I'm at the last stage of cleaning/organizing data and would appreciate suggestions for this step. I'm new to R and don't understand fully how dataframes or other data types work. (I'm trying to learn but have a project due so need a quick solution). I've imported the data from a CSV file.
I want to group instances with the same (date, ID1, ID2, ID3). I want the average of all stats in the output and also a new column with the number of instances grouped.

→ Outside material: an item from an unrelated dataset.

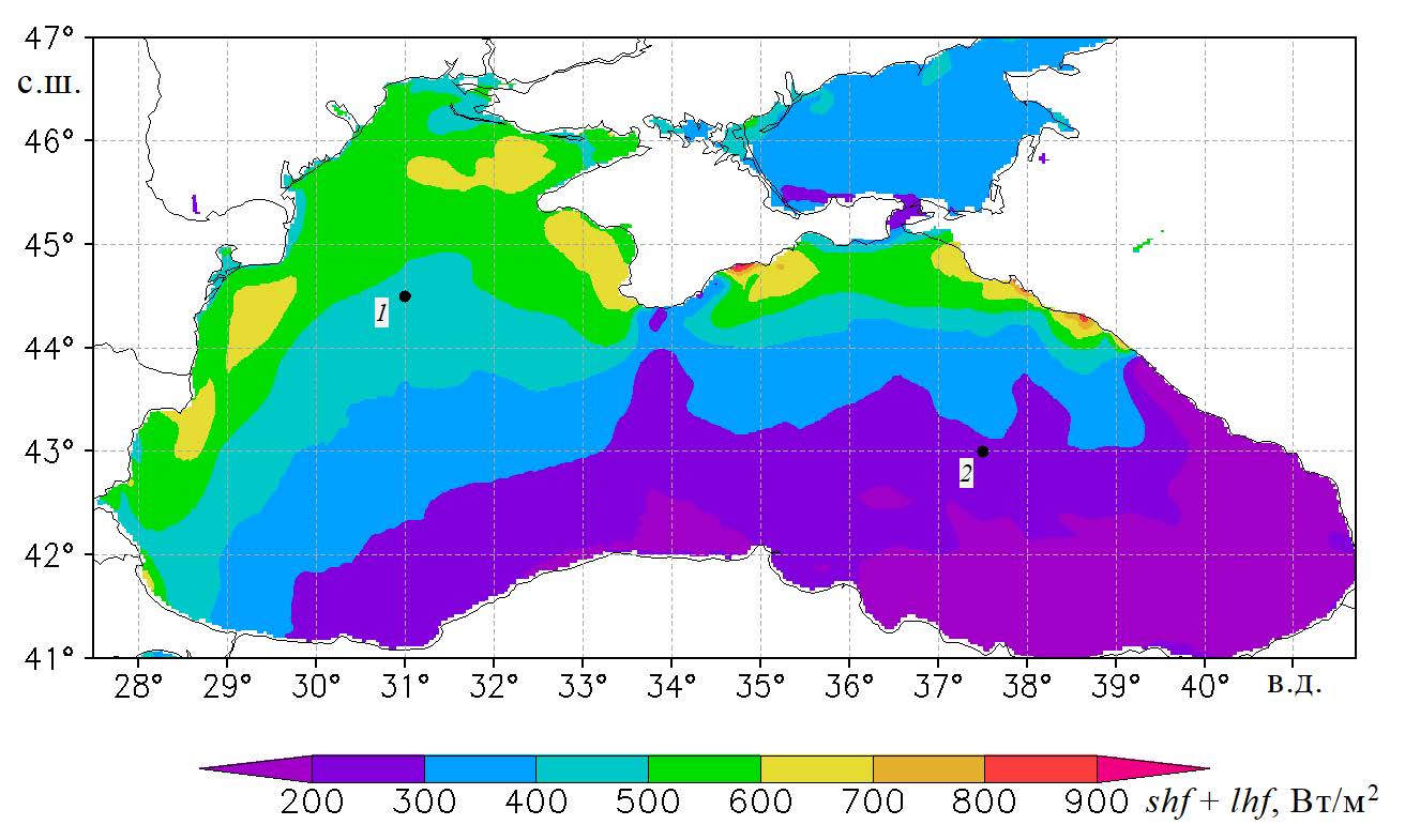 На рис. 1 показаны величины скорости ветра на высоте 10 м в двух точках – в северо-западной и восточной частях моря. На рис. 2 – осредненный за время холодного вторжения (23–25 января) суммарный поток тепла от поверхности, shf + lhf. Хорошо видно, что для всего моря рассматриваемый эпизод действительно можно считать трехсуточным вторжением холодного воздуха. В этот период охлаждение моря было неоднородным: западная и восточная половины моря разделяются небольшой областью уменьшенных потоков, что, естественно, объясняется понижением скорости ветра за подветренным склоном достаточно высоких Крымских гор [13]. При этом теплопотери с поверхности в северной части моря составляли 500–600 Вт/м2, скорость ветра – около 10–14 м/c. В южной половине моря теплопотери через поверхность меньше, поскольку холодный воздух прогревался при движении над более теплым морем.

Note: ID3 contains . I'd like to rename these to "na" before grouping I've tried solutions
tdata$ID3[is.na(tdata$ID3)] <- "NA"
tdata[["ID3"]][is.na(tdata[["ID3"]])] <- "NA"
But get Error:
In `[<-.factor`(`*tmp*`, is.na(tdata[["ID3"]]), value = c(3L, 3L, :
invalid factor level, NA generated
The data is:
date ID1 ID2 ID3 stat1 stat2 stat.3
1 12-03-07 abc123 wxy456 pqr123 10 20 30
2 12-03-07 abc123 wxy456 pqr123 20 40 60
3 10-04-07 bcd456 wxy456 hgf356 10 20 40
4 12-03-07 abc123 wxy456 pqr123 30 60 90
5 5-09-07 spa234 int345 <NA> 40 50 70
Desired Output
date ID1, ID2, ID3, n, stat1, stat2, stat 3
12-03-07 abc123, wxy456, pqr457, 3, 20, 40, 60
10-04-07 bcd456, wxy456, hgf356, 1, 10, 20, 40
05-09-07 spa234, int345, big234, 1 , 40, 50, 70
I tried this solution: How to merge multiple data.frames and sum and average columns at the same time in R
But I was not successful merging the columns which have to be grouped and tested for similarity.
DF <- merge(tdata$date, tdata$ID1, tdata$ID2, tdata$ID3, by = "Name", all = T)
Error in fix.by(by.x, x) : 'by' must specify uniquely valid columns
Finally, to generate the n column. Perhaps insert a rows of 1s and use the sum of the column while summarizing?